Federal deputy of Rio Grande do Norte
- In office 1 February 2015 – 1 January 2023

State deputy of Rio Grande do Norte
- In office 1 February 2007 – 31 January 2015

Personal details
- Born: Walter Alves Pereira 27 February 1980 (age 45) Natal, Rio Grande do Norte, Brazil
- Political party: MDB (2003–present)
- Spouse: Carol Alves
- Children: 2
- Parent: Garibaldi Alves Filho (father);
- Relatives: Aluízio Alves (great-uncle) Garibaldi Alves (grandfather) Carlos Eduardo Alves (cousin) Ana Catarina Alves (cousin) Henrique Eduardo Alves (cousin)

= Walter Alves =

Brazilian administrator and politician

Walter Pereira Alves (born 27 February 1980) is a Brazilian administrator and politician who is affiliated with the Brazilian Democratic Movement (MDB). He is currently the vice governor of the state of Rio Grande do Norte as of 1 January 2023, with Fátima Bezerra as governor. He was also a state deputy and a federal deputy.

Born in Natal, he is the son of former governor and senator Garibaldi Alves Filho and Denise Pereira Alves.

== Political career ==
Alves began his political career as a state deputy in Rio Grande do Norte as part of the PMDB in 2006.

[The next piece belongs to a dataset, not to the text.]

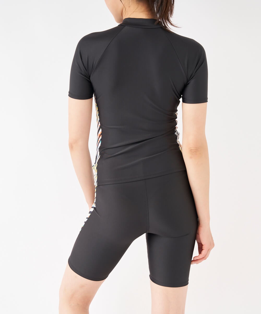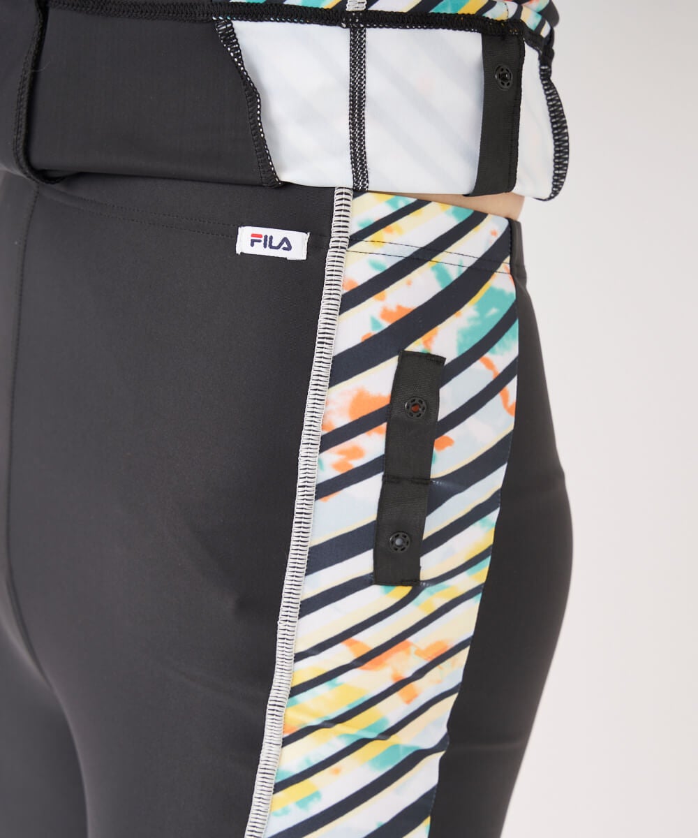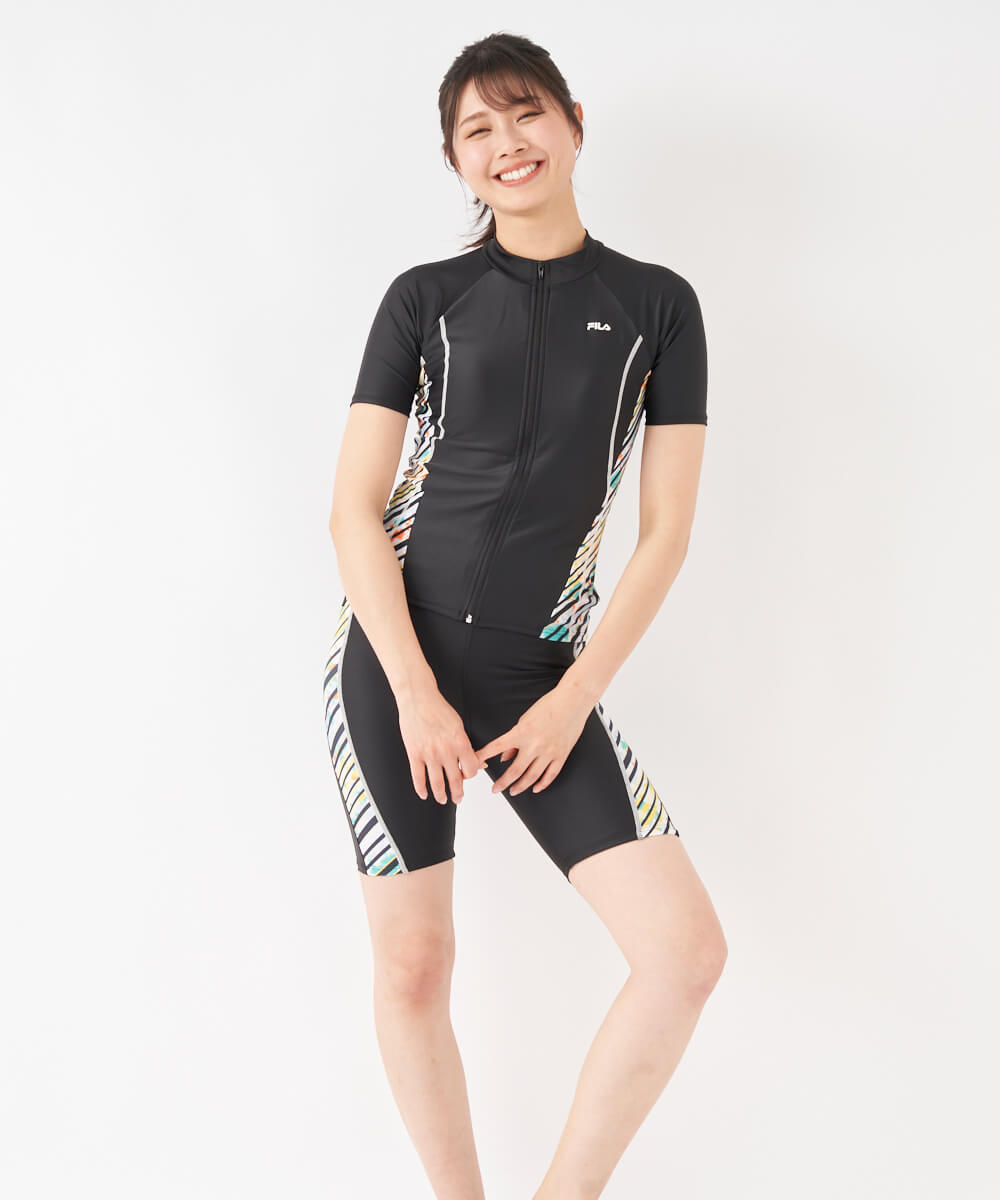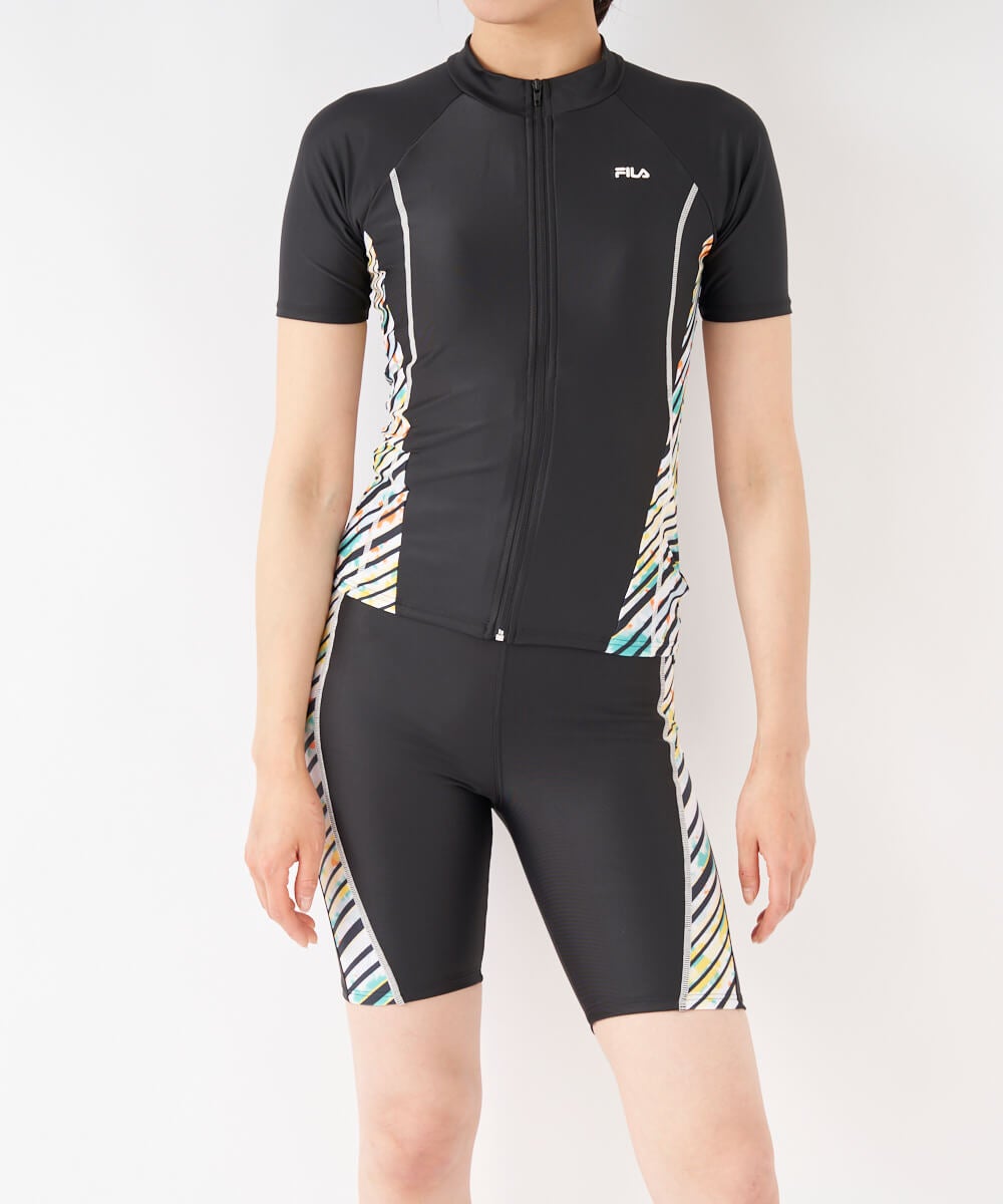 2way方向によく伸びる生地を使用。トップスはファスナー付で着脱が楽な袖付セパレーツ水着。カップは挿 入カップ式。アンダー内側の15mmゴムが胸を固定し綺麗に見せます。バイアスボーダープリントの切り替え が脇に入ったデザイン。クイックジップ機能で楽にファスナーが上がります。ボトム前全面に伸びの良い裏地付 。ウエストはスピンドル入りで調節可能。めくれ防止機能付。FILAロゴ刺繍入

In 2010, he was reelected. He was elected a federal deputy in 2014. As a federal deputy, he voted in favor of the impeachment proceedings against president Dilma Rousseff. During the Michel Temer administration, he voted in favor of the Constitutional Amendment of the Public Expenditure Cap. In August 2017, he voted against the opening of a similar investigation into president Michel Temer, helping to archive the complaint by the Public Prosecutor's Office.